The context: Amazon’s silicon hedge keeps growing

What makes this deal fascinating is that it lands while Amazon is aggressively building its own Nvidia alternative. On its most recent earnings call, Amazon said its custom silicon business has crossed a $25 billion annualized revenue run rate, driven by $225 billion in total commitments from AI labs including Anthropic and OpenAI. AWS AI chief Peter DeSantis has confirmed the company is in talks to sell Trainium chips to other companies for their own data centers, and its Arm-based Graviton CPUs are already a credible challenger to Intel and AMD in general-purpose server compute.
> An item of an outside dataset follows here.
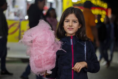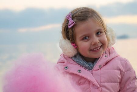 Sweet smiling little girl with Pink Cotton candy smiling outdoors

So why triple an Nvidia order at the same time? Because demand is not choosing sides. Frontier labs, enterprises, startups, and governments all want Nvidia’s platform — CUDA, networking, and the full software stack — even as they also want the cost economics of alternatives like Trainium. “Customers want the freedom to choose the best tools for their AI workloads, and they want confidence that everything works seamlessly together,” said AWS CEO Matt Garman. The NVLink Fusion and NVHBM work makes that literal: within a single rack, Amazon’s chips and Nvidia’s will share an interconnect and memory architecture.

The earnings backdrop

The partnership news did not arrive in a vacuum. Nvidia’s quarter itself was a blowout: $96.2 billion in revenue (up 106% year over year), $89 billion of it from data centers, and guidance of $108 billion for the next quarter. The company has now committed $279 billion to secure supply and manufacturing capacity for current and future data-center projects — up from $119 billion just last quarter — including $92 billion in projected spending for the rest of the fiscal year and $87 billion more in fiscal 2028.
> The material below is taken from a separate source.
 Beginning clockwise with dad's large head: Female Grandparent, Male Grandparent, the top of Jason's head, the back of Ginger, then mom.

“AI is now doing productive and useful work,” Huang said on the call. “AI is generating profitable tokens… If we had more compute, we could generate more profitable tokens, which results in more profit for all of the services. This is the exact phase where we’re at, which is the reason why everybody’s leaning in.”

The AWS deal is the concrete expression of that thesis: when the largest cloud provider triples a million-GPU order after five months because “demand has exceeded those expectations,” the infrastructure buildout is no longer speculative — it is backlog.

The open question investors will keep pressing is whether compute reliably converts into profit across the industry, not just for Nvidia. For now, the two companies that have benefited most from the AI buildout just locked in another two years of it together.